Material provided:
------

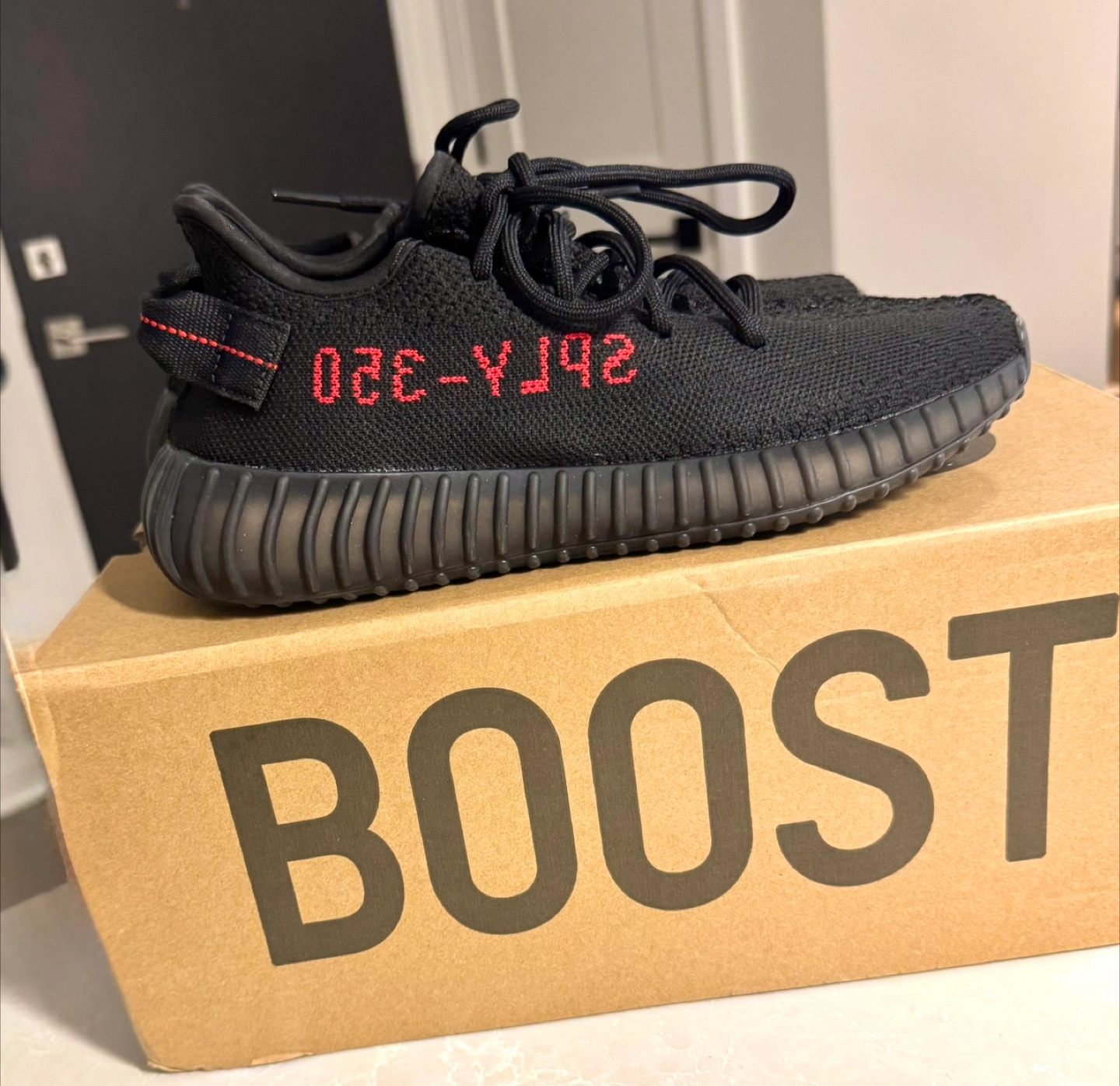 Selling a pair of Adidas Yeezy Boost 350 V2 in Black & Red. (Authentic) These come with the original box, it was slightly damaged during my move but other than that, they're in perfect condition and have only been worn once. They are a size Youth: 6.5 but fit a Women’s: 7-7.5. I’m a W8 and they are slightly too small for me which is why I’m selling them. I unfortunately don’t have the receipt as I got them as a gift but the box is original.
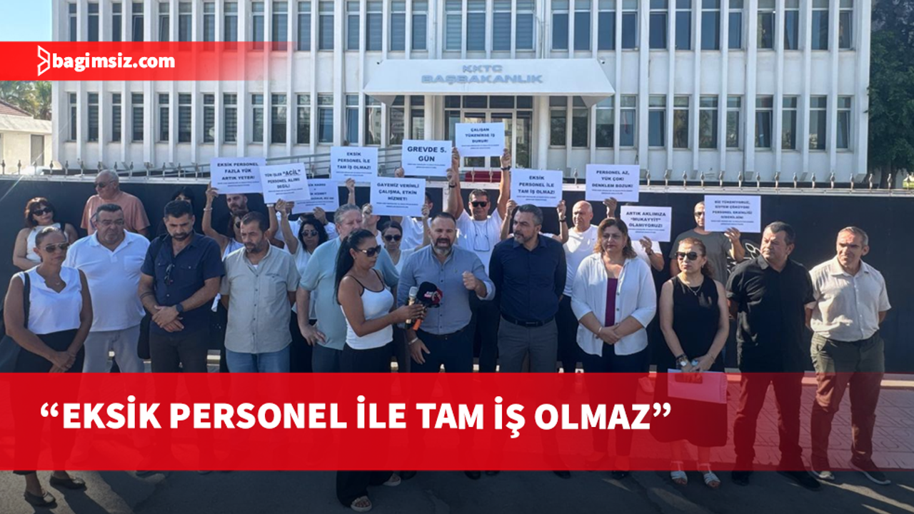Kıbrıs Türk Amme Memurları Sendikası (KTAMS), Kıbrıs Türk Kamu Görevlileri Sendikası (KAMUSEN) ve Kamu İşçileri Sendikası (Kamu-İş), grevin beşinci gününde Başbakanlık önünde açıklama yaptı.
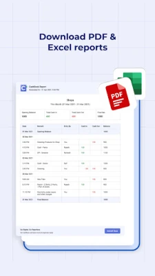 For Business - Use as a cash register to track the movement of money, as a simple ledger. Export reports in Excel or PDF format. Know how much money is left. It is easier to manage account books on CashBook compared to Pen & Paper.

------

Requirement: Print the data once more without any change, skipping each picture.

Response area:
 Selling a pair of Adidas Yeezy Boost 350 V2 in Black & Red. (Authentic) These come with the original box, it was slightly damaged during my move but other than that, they're in perfect condition and have only been worn once. They are a size Youth: 6.5 but fit a Women’s: 7-7.5. I’m a W8 and they are slightly too small for me which is why I’m selling them. I unfortunately don’t have the receipt as I got them as a gift but the box is original.
Kıbrıs Türk Amme Memurları Sendikası (KTAMS), Kıbrıs Türk Kamu Görevlileri Sendikası (KAMUSEN) ve Kamu İşçileri Sendikası (Kamu-İş), grevin beşinci gününde Başbakanlık önünde açıklama yaptı.
 For Business - Use as a cash register to track the movement of money, as a simple ledger. Export reports in Excel or PDF format. Know how much money is left. It is easier to manage account books on CashBook compared to Pen & Paper.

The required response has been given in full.